イスラエルの攻撃、次はイラクか

 イスラエルとレバノンの親イラン民兵組織ヒズボラとの間の全面衝突のリスクが現実味を帯びている。「レバノンはもう一つのガザになる」との嘆きの声も聞こえてくる。

「レバノンはもう一つのガザになる」との声も。写真はイスラエルから攻撃を受けたレバノン南部(写真:ロイター/アフロ)

 市場では「イランが戦闘の当事者になる」との認識が広まりつつあるが、筆者は「その可能性は依然として低い」と考えている。

 米ネットメデイア「アクシオス」は24日「ヒズボラは後ろ盾であるイランにイスラエルへの攻撃参加を要請したが、イランは難色を示した」と報じている。
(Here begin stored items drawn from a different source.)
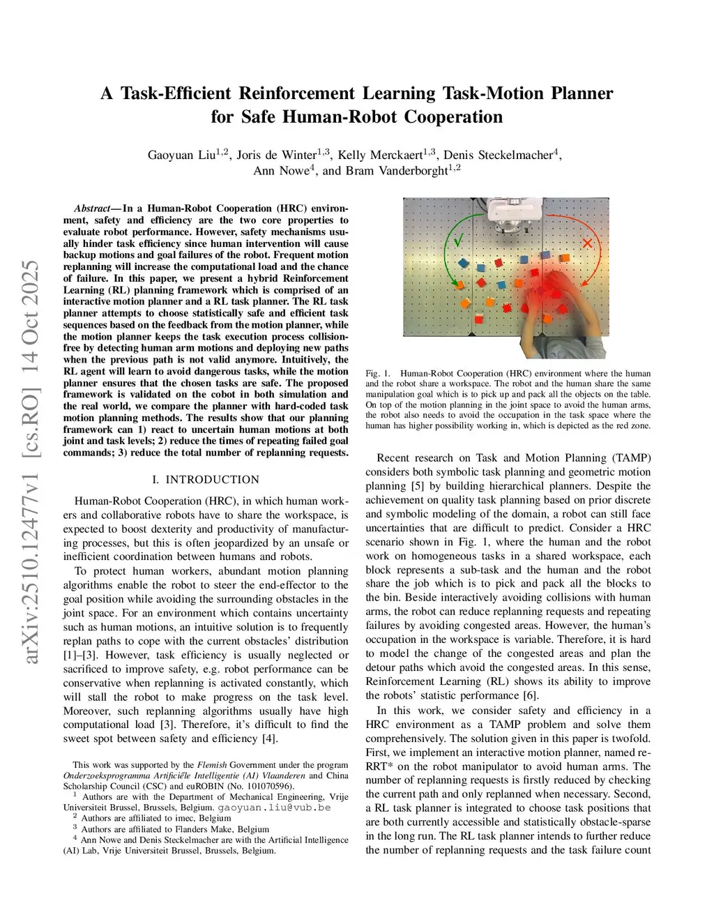 A Task-Efficient Reinforcement Learning Task-Motion Planner for Safe Human-Robot Cooperation
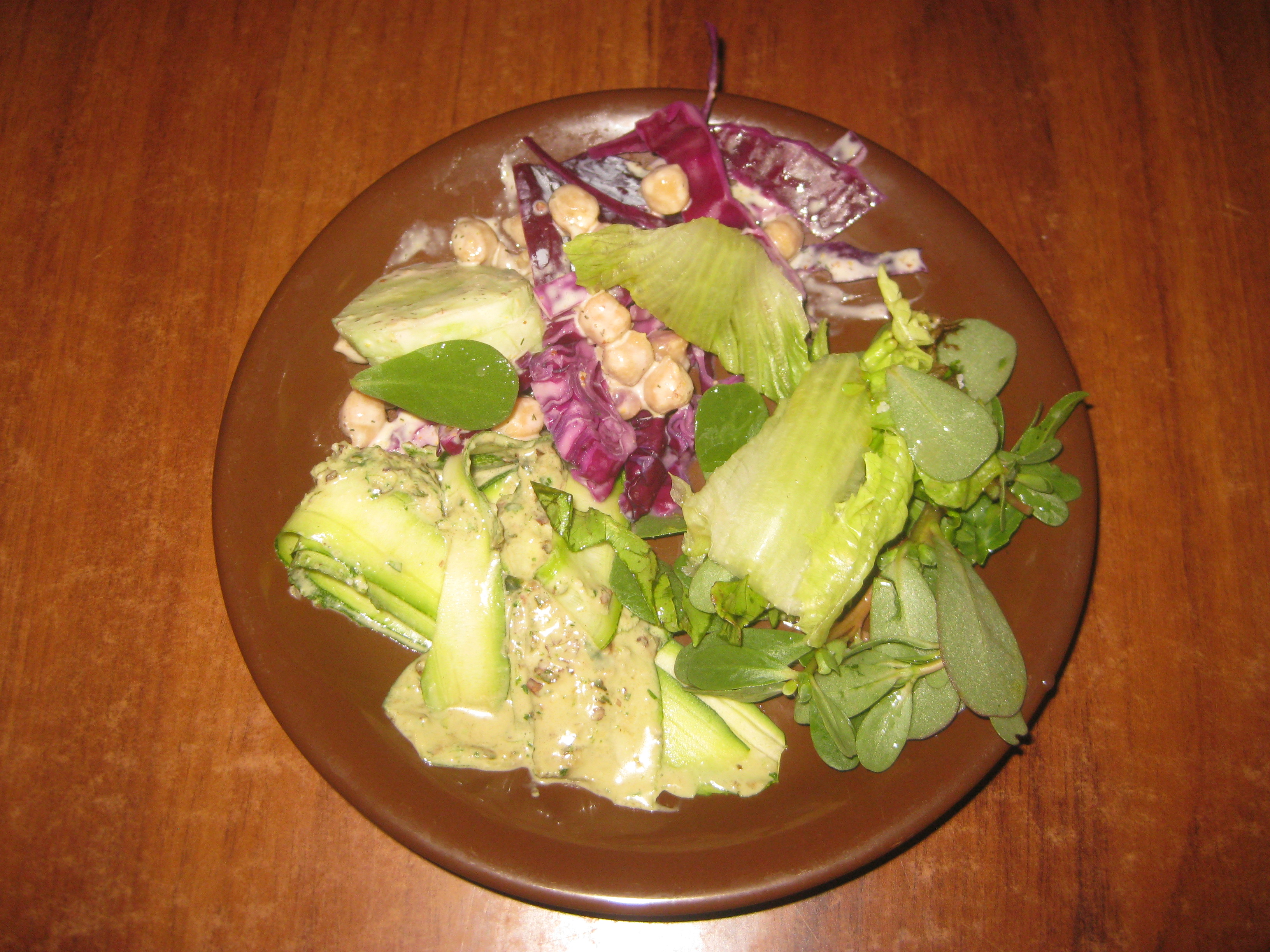To begin with, there’s a serve yourself salad bar. We enjoyed these amazing courgette ribbons in pesto and chickpeas with red cabbage. We were also served a green smoothie.
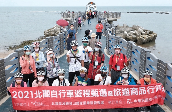 為推廣「2021自行車旅遊年」,交通部觀光局北海岸及觀音山國家風景區管理處(下稱北觀處)除了完成北海岸「雙灣」、「灣塔」、「萬金」自行車道沿線景觀設施改善,並在動線端點規劃公共自行車租賃站、大眾運輸及多元服務設施,同時也在官網設置自行車旅遊專區,整合轄區自行車旅遊資源及多條精選遊程,提供車友更完善的資訊。今年更首次辦理甄選活動,自4月開始公開徵件,5月進行初審及複審兩輪評審,由9位產、官、學界評審從43件參選遊程中選出金牌、銀牌與銅牌遊程,以及3條創新特色遊程,於9/15、9/23辦理踩線活動以及頒獎,邀請媒體與知名運動網紅們一起實地體驗,盡享海陸風光與打卡美景。
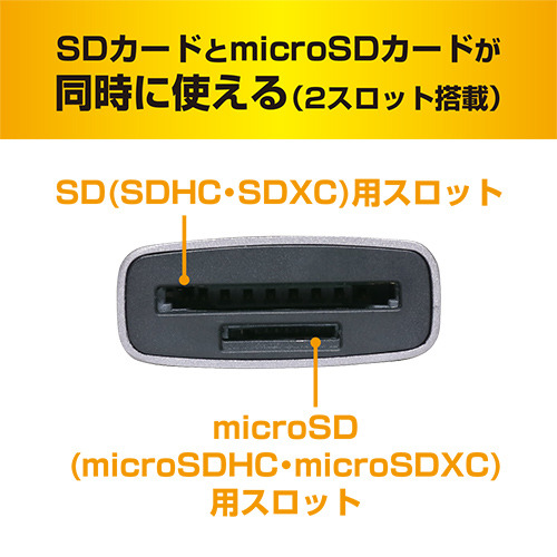 大容量のSDXC/microSDXC規格に対応しています。デジタルカメラなどで使用したSDカードのデータを読み込むことが可能です。
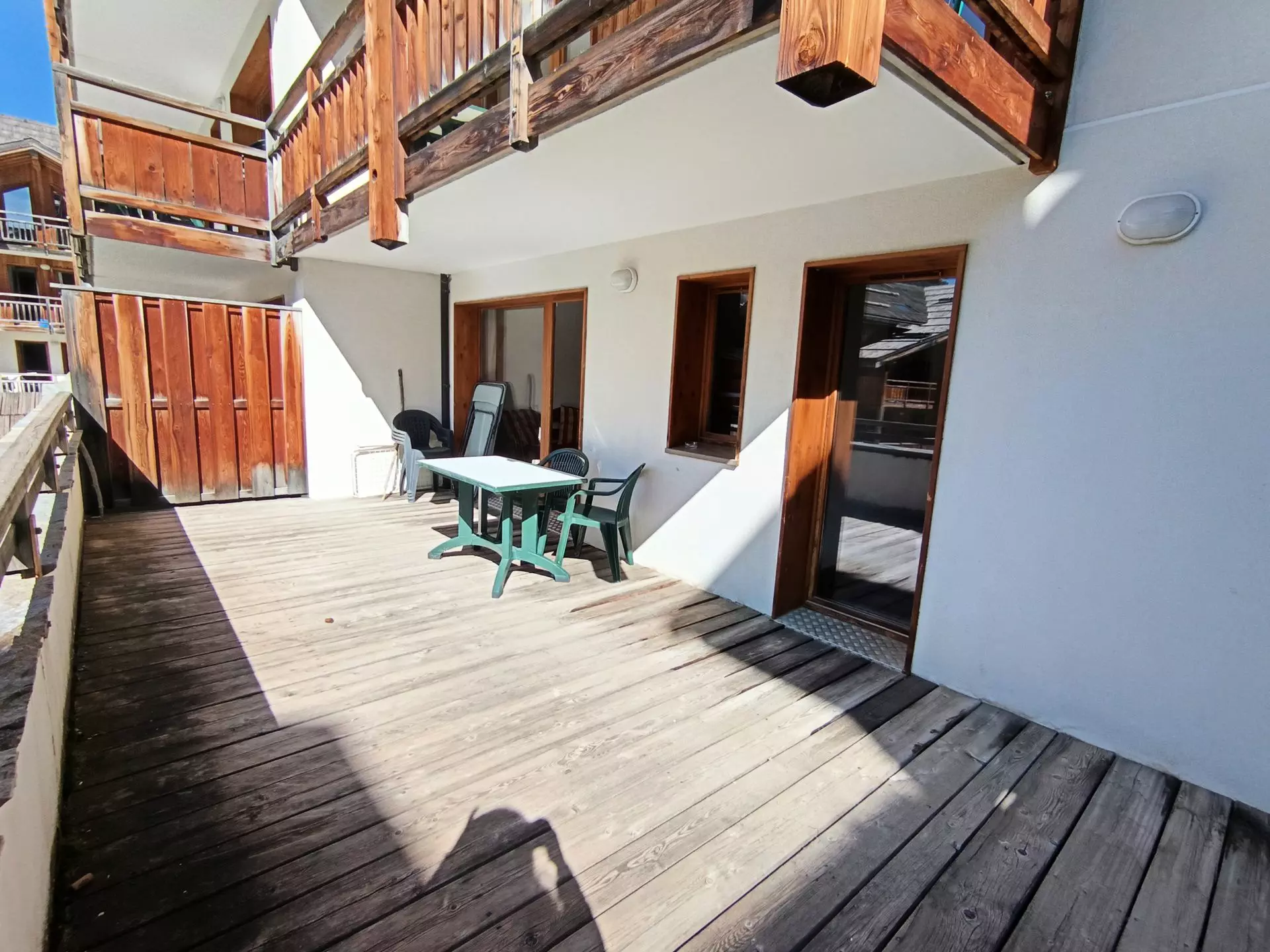 Large 21m² south-facing terrace equipped with a table and 2 garden chairs.
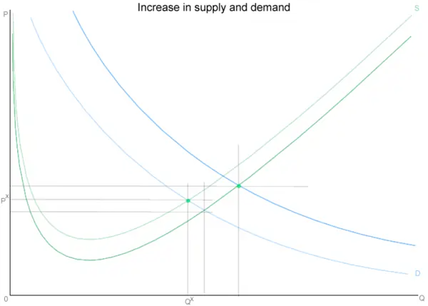 If both curves shift, their individual effects are added, although with slight alterations due to warping in the shape of the curves. If both curves increase, quantity increases for sure but price is indeterminate; if both curves decrease, quantity decreases for sure but price is indeterminate.
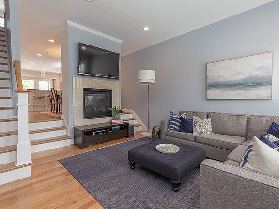 Exceptional 2013 townhome construction in Charlestown's prime gas-light district with 2 OUTDOOR LIVING SPACES & 2 GARAGE PARKING. Boasting 2,000+sqft over 4 levels, this 3+ bed/2.5 bath townhouse feels & lives like a single family. First floor offers sunny living room w/ dual-sided gas fireplace, spacious 6 person dining room and suburban sized eat-in kitchen featuring Viking gas stove, wine fridge & 3 seat breakfast bar. Sliding doors lead directly to over-sized rear deck perfect for entertaining. Second floor features 2 large bedrooms, laundry closet and full marble bathroom. Top floor master sanctuary has private deck with sweeping views, his & hers custom closets and oversized marble en-suite bath w/ dual vanity, soaking tub & separate standing shower. Lower level offers great home office/den with half bath plus extra storage and direct access to 2 garage parking spaces. Professionally managed, impeccably maintained 100% owner occupied association with landscaped common backyard

 イランは7月末に首都テヘランで起きたハマス最高指導者の暗殺に関与したとしてイスラエルへの報復を宣言したが、その後2カ月近く自制している。国内で強まる政府への不満解消が最優先事項であるイランの新政権にイスラエルと直接戦火を交える余裕はないのではないかと思えてならない。

 イランの動きよりも警戒すべきは中東地域における米国の威信低下ではないだろうか。

 イスラエル軍による一連のレバノン攻撃は、中東地域の戦線拡大の回避を求めるバイデン米大統領の顔に泥を塗る行為に等しく、同地域における米国の抑止力の低下が改めて浮き彫りになっている。

 米軍の「にらみ」が効かなくなっている中、イスラエルとヒズボラとの間で全面戦争が勃発すれば、中東地域における反イスラエル勢力が結集する事態になりかねない。

「イエメンの親イラン武装組織フーシ派に続け」とばかりに、イラクの親イラン武装組織の連合体は22日「イスラエルに無人機(ドローン)攻撃を実施した」と発表した。イスラエル側に被害は出ていないが、イラクからの攻撃が続けば、イスラエル軍が産油国イラクに大規模な攻撃を仕掛ける可能性は排除できなくなるだろう。

 拡大し続ける中東紛争に湾岸産油国が巻き込まれないことを祈るばかりだ。

藤 和彦(ふじ・かずひこ)経済産業研究所コンサルティング・フェロー
1960年、愛知県生まれ。早稲田大学法学部卒。通商産業省(現・経済産業省)入省後、エネルギー・通商・中小企業振興政策など各分野に携わる。2003年に内閣官房に出向(エコノミック・インテリジェンス担当)。2016年から現職。著書に『日露エネルギー同盟』『シェール革命の正体 ロシアの天然ガスが日本を救う』ほか多数。